In order to make clear what a servant in the Church looks like, Jesus describes the self-exalted religious leaders of his day. They weigh their people down with heavy burdens, yet refuse to help them carry the load. They perform good works in order to be seen not out of genuine charity. They don exaggerated religious garb; take places of honor at dinner parties, in the synagogues; and they crave adoration on the street. They allow themselves to be hailed as “Master,” placing themselves on the same level as our Father in heaven. All of these add up over time to be a shadow play, a kabuki mime—props, set pieces, scripts, choreography, all used by those who want to act the part of a righteous religious leader without actually having to be anything like a righteous religious leader. This is the road to damnation, spiritual destruction. Thus, Jesus warns the disciples to avoid playing at being humble and instead teaches them to find exaltation in being a servant.
Any seminarian, religious sister or brother, deacon, priest, or bishop will tell you that one of the most difficult temptations we face as public persons in the Church is the temptation of self-exaltation. We are charged with upholding the teachings of the Church on some of the most hotly debated issues of our day; we are vowed to do good works and we do them openly; we wear distinctive clothing and our people greet us on the streets by calling us “Sister,” “Father,” “Reverend,” even “Your Eminence.” It gets worse for those of us who teach in universities. We have “Doctor” and “Professor” added to our titles. You haven't been exalted properly until you hear yourself introduced at a party as “the Reverend Father Doctor”! Just imagine the temptations our poor Pope must endure when his titles are rattled off. Rightly or wrongly, our status is recognized and celebrated. And therein lies the danger for us and for those we serve—our status, the place we occupy, the public role we have taken on in the Church. Status is fleeting, temporary, easily lost and too easily mourned. Status is nothing.
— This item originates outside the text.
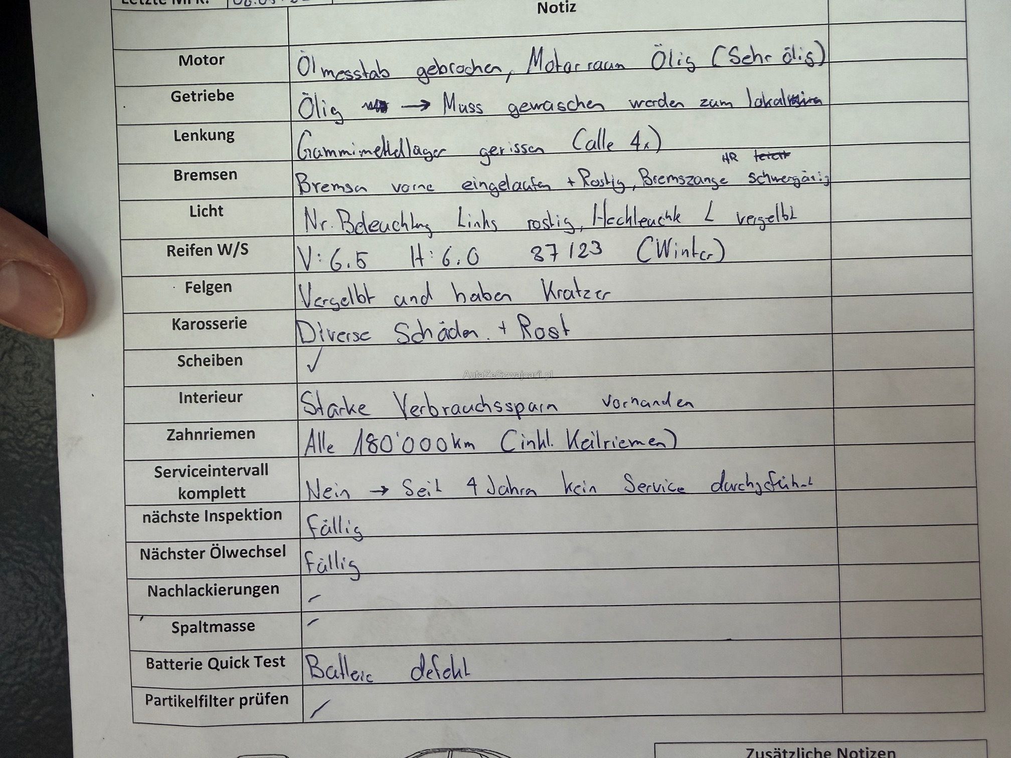| Kommentar | FHZ ist noch im Kundenbesitz Siehe Bilder und Werkstatttest. Alle festgestellte Mängel im Eintauschtest sichtbar |

Jesus clearly shows us the way out of this potential spiritual wreck. The Church needs leaders not actors, servants not masters. She needs living examples of holiness not self-exalted Barbie Dolls in religious drag. She needs saints, and, fortunately for us, most saints start out as sinners. The transition from sinner to saint, from religious actor to servant-leader is summed up nicely by Isaiah: “Hear the word of the Lord. . .Listen to the instruction of our God. . .! Wash yourselves clean!” And once cleansed by humility, we can start a life of true service. Quietly or loudly, openly or in secret, we can be slaves to a Church, a world in desperate need of being loved by those of us who lay claim to the love of Christ.